What to work on: Copy each line of the data below exactly, leaving out pictures.

Dataset items

>>

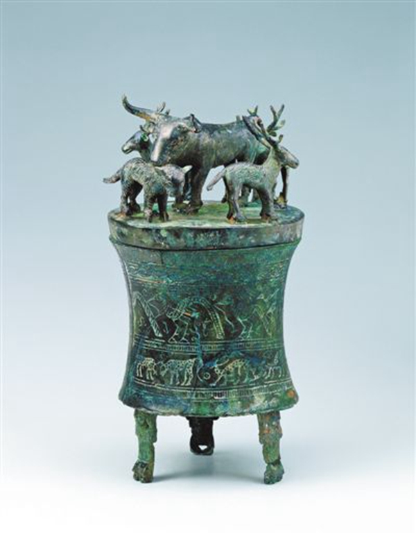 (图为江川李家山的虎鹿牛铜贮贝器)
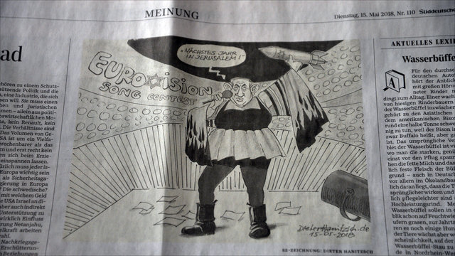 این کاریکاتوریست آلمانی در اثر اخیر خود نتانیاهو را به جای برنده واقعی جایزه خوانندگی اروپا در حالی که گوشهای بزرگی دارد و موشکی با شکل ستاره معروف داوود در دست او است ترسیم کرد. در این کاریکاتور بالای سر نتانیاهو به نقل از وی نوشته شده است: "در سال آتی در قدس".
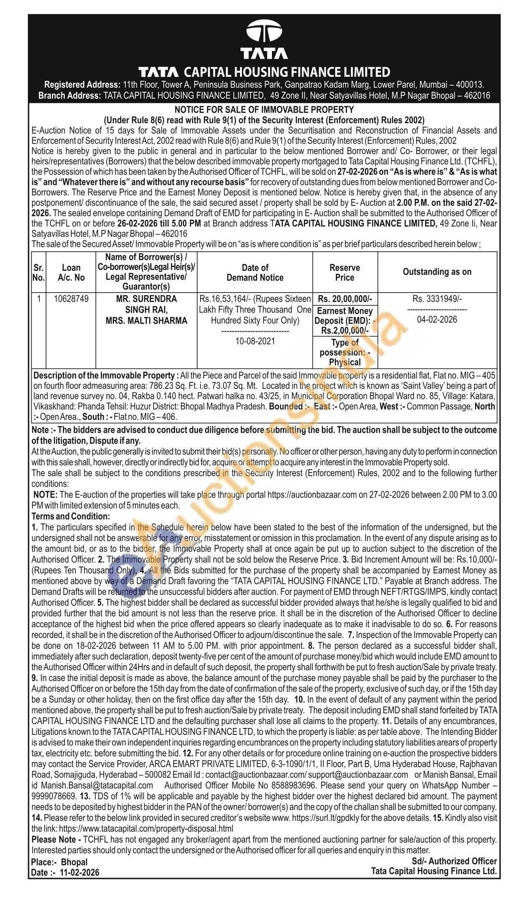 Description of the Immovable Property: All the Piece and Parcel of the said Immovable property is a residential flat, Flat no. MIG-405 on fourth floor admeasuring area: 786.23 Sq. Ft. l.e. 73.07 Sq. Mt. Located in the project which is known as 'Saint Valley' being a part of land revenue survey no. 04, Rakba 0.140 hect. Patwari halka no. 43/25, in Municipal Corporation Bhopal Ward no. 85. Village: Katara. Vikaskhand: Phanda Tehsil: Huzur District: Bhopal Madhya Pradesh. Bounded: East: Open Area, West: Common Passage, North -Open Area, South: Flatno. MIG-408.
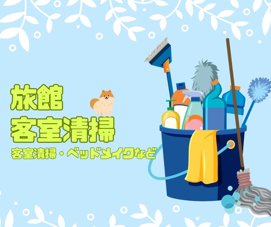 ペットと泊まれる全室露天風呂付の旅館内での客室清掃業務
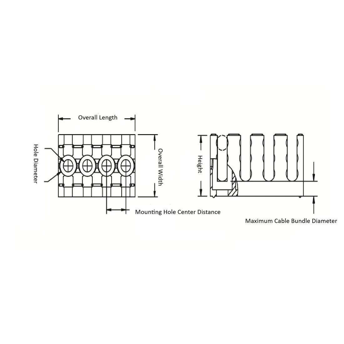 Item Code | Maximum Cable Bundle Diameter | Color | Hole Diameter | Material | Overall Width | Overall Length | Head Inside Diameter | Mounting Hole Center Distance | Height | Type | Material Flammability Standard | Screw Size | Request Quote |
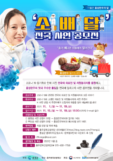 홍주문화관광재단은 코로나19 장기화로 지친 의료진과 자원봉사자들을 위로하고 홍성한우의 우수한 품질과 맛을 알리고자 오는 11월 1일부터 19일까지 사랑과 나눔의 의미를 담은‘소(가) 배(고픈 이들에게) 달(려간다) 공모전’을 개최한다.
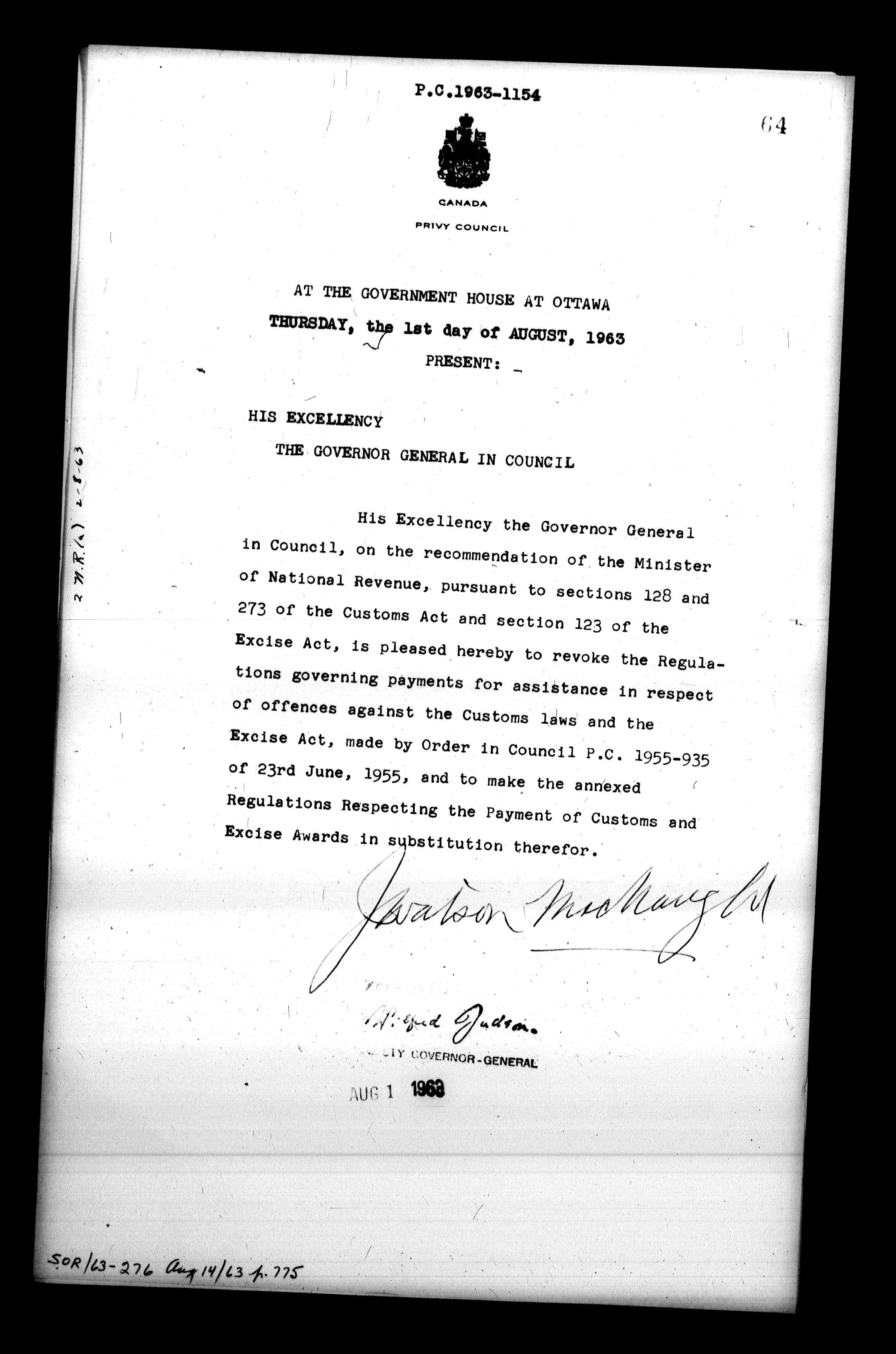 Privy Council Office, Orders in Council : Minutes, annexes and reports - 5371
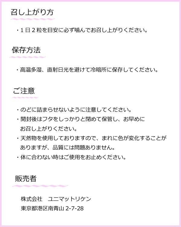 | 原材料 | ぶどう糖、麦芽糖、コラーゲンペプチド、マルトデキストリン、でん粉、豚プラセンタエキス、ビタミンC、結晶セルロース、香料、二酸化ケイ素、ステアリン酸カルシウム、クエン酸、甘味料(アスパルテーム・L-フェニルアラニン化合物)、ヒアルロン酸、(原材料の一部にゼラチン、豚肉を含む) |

<<

Response to this task:
 (图为江川李家山的虎鹿牛铜贮贝器)
 این کاریکاتوریست آلمانی در اثر اخیر خود نتانیاهو را به جای برنده واقعی جایزه خوانندگی اروپا در حالی که گوشهای بزرگی دارد و موشکی با شکل ستاره معروف داوود در دست او است ترسیم کرد. در این کاریکاتور بالای سر نتانیاهو به نقل از وی نوشته شده است: "در سال آتی در قدس".
 Description of the Immovable Property: All the Piece and Parcel of the said Immovable property is a residential flat, Flat no. MIG-405 on fourth floor admeasuring area: 786.23 Sq. Ft. l.e. 73.07 Sq. Mt. Located in the project which is known as 'Saint Valley' being a part of land revenue survey no. 04, Rakba 0.140 hect. Patwari halka no. 43/25, in Municipal Corporation Bhopal Ward no. 85. Village: Katara. Vikaskhand: Phanda Tehsil: Huzur District: Bhopal Madhya Pradesh. Bounded: East: Open Area, West: Common Passage, North -Open Area, South: Flatno. MIG-408.
 ペットと泊まれる全室露天風呂付の旅館内での客室清掃業務
 Item Code | Maximum Cable Bundle Diameter | Color | Hole Diameter | Material | Overall Width | Overall Length | Head Inside Diameter | Mounting Hole Center Distance | Height | Type | Material Flammability Standard | Screw Size | Request Quote |
 홍주문화관광재단은 코로나19 장기화로 지친 의료진과 자원봉사자들을 위로하고 홍성한우의 우수한 품질과 맛을 알리고자 오는 11월 1일부터 19일까지 사랑과 나눔의 의미를 담은‘소(가) 배(고픈 이들에게) 달(려간다) 공모전’을 개최한다.
 Privy Council Office, Orders in Council : Minutes, annexes and reports - 5371
 | 原材料 | ぶどう糖、麦芽糖、コラーゲンペプチド、マルトデキストリン、でん粉、豚プラセンタエキス、ビタミンC、結晶セルロース、香料、二酸化ケイ素、ステアリン酸カルシウム、クエン酸、甘味料(アスパルテーム・L-フェニルアラニン化合物)、ヒアルロン酸、(原材料の一部にゼラチン、豚肉を含む) |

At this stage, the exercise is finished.